As the light emitting pixel drivers EPD are arranged on both sides of the hole peripheral area PHA in the second direction DR2, the data lines DL may include hole intersecting data lines HIDL that intersect the hole area HLA or the hole peripheral area PHA.

For example, the data lines DL may include hole intersecting data lines HIDL that intersect the hole area HLA or the hole peripheral area PHA, and normal data lines NDL except for the hole intersecting data lines HIDL.

Each of the hole interesting data lines HIDL may include a first hole separation line HINL1 facing one side of the hole peripheral area PHA in the second direction DR2, a second hole separation line HINL2 facing the other side of the hole peripheral area PHA in the second direction DR2, and a hole bypass line HDE disposed in the hole peripheral area PHA and electrically connecting the first hole separation line HINL1 to the second hole separation line HINL2.

The hole bypass line HDE may be disposed between sealing auxiliary portions ENAS and the display area DA, and may be in the form of a curved arc extending parallel to a periphery of the sealing auxiliary portions ENAS.

Each of the normal data lines NDL may be provided in the form that does not intersect the hole area HLA and the hole peripheral area PHA and does not include a curved hole bypass line HDE disposed in the hole peripheral area PHA.

According to embodiments, the circuit layer 120 may further include dummy light emitting pixel drivers DEPD disposed closest to the hole peripheral area PHA.

The dummy light emitting pixel drivers DEPD may have the same structure as the light emitting pixel drivers EPD except that the dummy light emitting pixel drivers DEPD may not be electrically connected to the light emitting elements (LE in FIG. 5) of the element layer (130 in FIG. 3).

In the process of disposing the light transmitting hole (TRH in FIG. 3) in the hole area HLA, since physical or chemical shock may be buffered by the dummy light emitting pixel drivers DEPD, the possibility of damage to the light emitting pixel drivers EPDs in the process of disposing the light transmitting hole (TRH in FIG. 3) may be reduced.

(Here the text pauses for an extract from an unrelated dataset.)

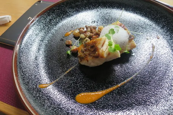 友人點的是季節鮮魚 看起來很不錯 法國料理常有一些泡泡在食物上

FIG. 8 is a schematic cross-sectional view taken along line D-D′ of FIG. 7 according to an embodiment. FIG. 9 is a schematic enlarged view illustrating portion D of FIG. 8.

Referring to FIG. 8, the circuit layer 120 of the display device 100 according to embodiments may include an interlayer insulating layer 124 disposed on the substrate 110, a first planarization layer 125 disposed on the interlayer insulating layer 124, two or more roof portions RF disposed in the hole peripheral area PHA disposed on the first planarization layer 125 and sequentially surrounding the hole area HLA, a second planarization layer 126 disposed on the first planarization layer 125 and covering the two or more roof portions RF, and one or more sealing auxiliary grooves EAG positioned between the two or more roof portions RF.

As an example, two or more roof portions RF and one or more sealing auxiliary grooves EAG may be disposed in a sealing auxiliary area ENAA of the hole peripheral area PHA spaced apart from each of the hole area HLA and display area DA.

Each of the one or more sealing auxiliary grooves EAG may include a first auxiliary groove ASG1 penetrating through the second planarization layer 126, and a second auxiliary groove ASG2 formed concavely in the first planarization layer 125.

As illustrated in FIG. 9, according to embodiments, a slope INC2 of a side surface of the second auxiliary groove ASG2 may be steeper than a slope INC1 of a side surface of the first auxiliary groove ASG1.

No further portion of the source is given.